Early Bird Vegan has had its challenges, but support from the community has helped it thrive, Mack said.

When Mack was sick for months with COVID-19, a $10,000 grant from Raza Development Fund helped keep the cafe afloat. Through investments from customers and community members, Mack raised over $50,000 to help launch the forthcoming Tempe location of Early Bird Vegan.

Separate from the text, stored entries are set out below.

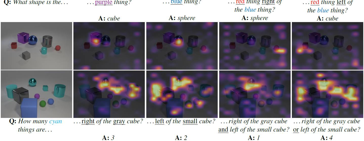 图 3. 模型对预测答案最终特征图的分数之和进行了规范化和可视化。从左至右,每个问题都会向程序增加一个模块,在上图中,增加的模块用下划线表示。中间的可视化图说明了当执行问题回答的推理时模型所关注的热点区域。
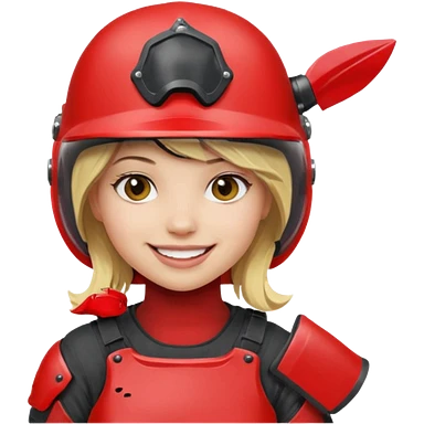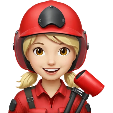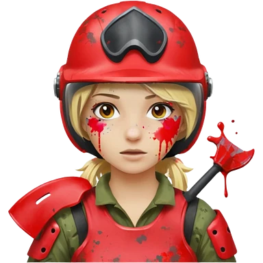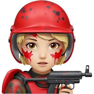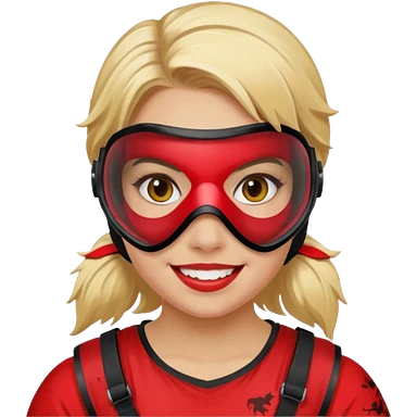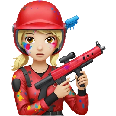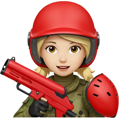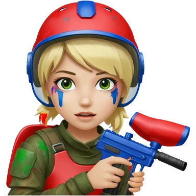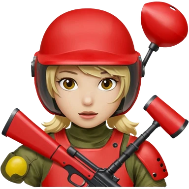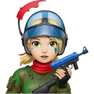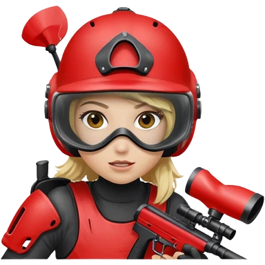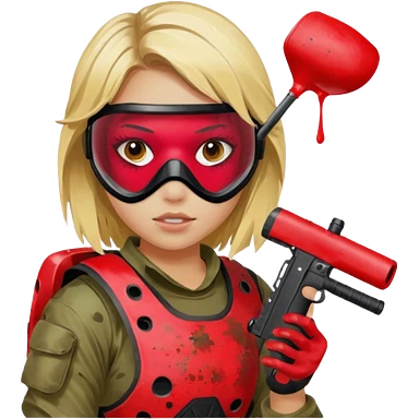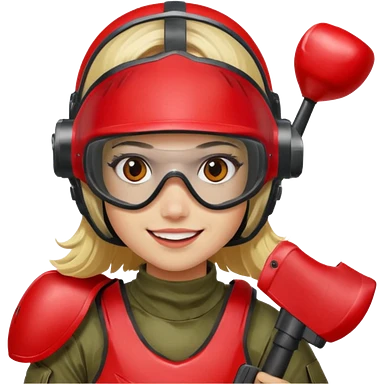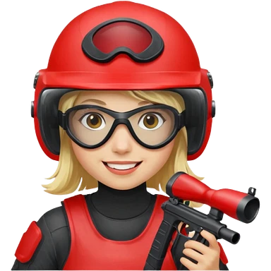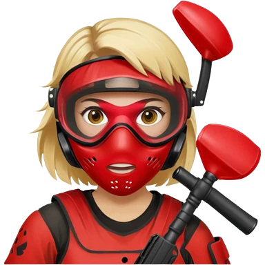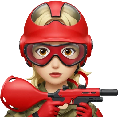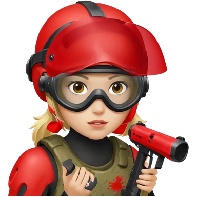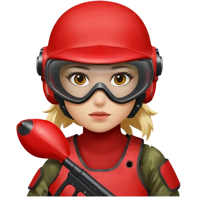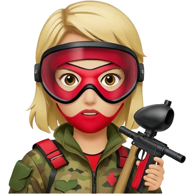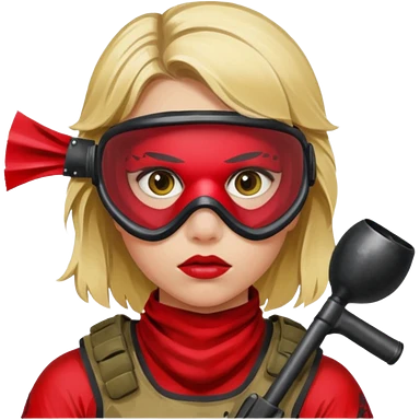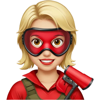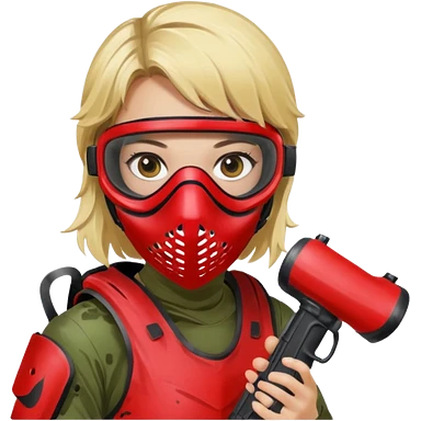 blond girl playing paintball with red paintball face gear emoji | AI Emoji Generator
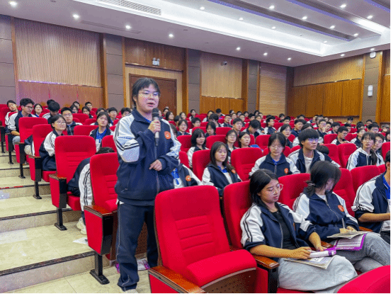 互动交流环节,同学们热情高涨,围绕学农前景、收入待遇、药物研发、国际合作等问题踊跃提问。贺兰耐心细致、真诚坦率地一一作答,结合自身从乡村放牛娃到如今“老有所养、幼有所依、衣食无忧”的成长历程娓娓道来,切实打消大家对农科专业的固有顾虑;用“专利抢先一天,就能锁定核心成果”的科研案例,传递创新与竞争的重要性;用养殖户期盼的眼神和话语,深刻诠释学以致用、服务产业的初心使命;用“美国限制合作,我们更要自立自强”的坚定态度,激励在场的每一位同学迎难而上、勇攀高峰,在青春赛道上书写属于自己的奋斗篇章。

The investments came via a program called SMBX, which allows people to buy bonds to help a business expand.

“People come from all over the city, all over the state to come and visit us,” Mack said.

The south Phoenix location is only 800 square feet and is “bursting at the seams,” Mack said. The small size limited the food offerings, she said.

But the new Tempe location, at Sonoran University of Health Sciences, will have double the square footage. Mack said she will be able to expand the menu and provide more options for the student and patient population.

“These folks are going to school to be naturopaths, so this aligns with that naturopathic work,” Mack said.

As she expands her reach across the Valley, Mack said she won’t forget what motivated her to open Early Bird Vegan in her south Phoenix neighborhood. She hopes the expansion will give her the capacity to grow her community partnerships and eventually accept electronic benefit transfer cards, used by people who receive food assistance from the government.

“I’m grateful and thankful to be able to provide this,” she said. “We just want to do more.”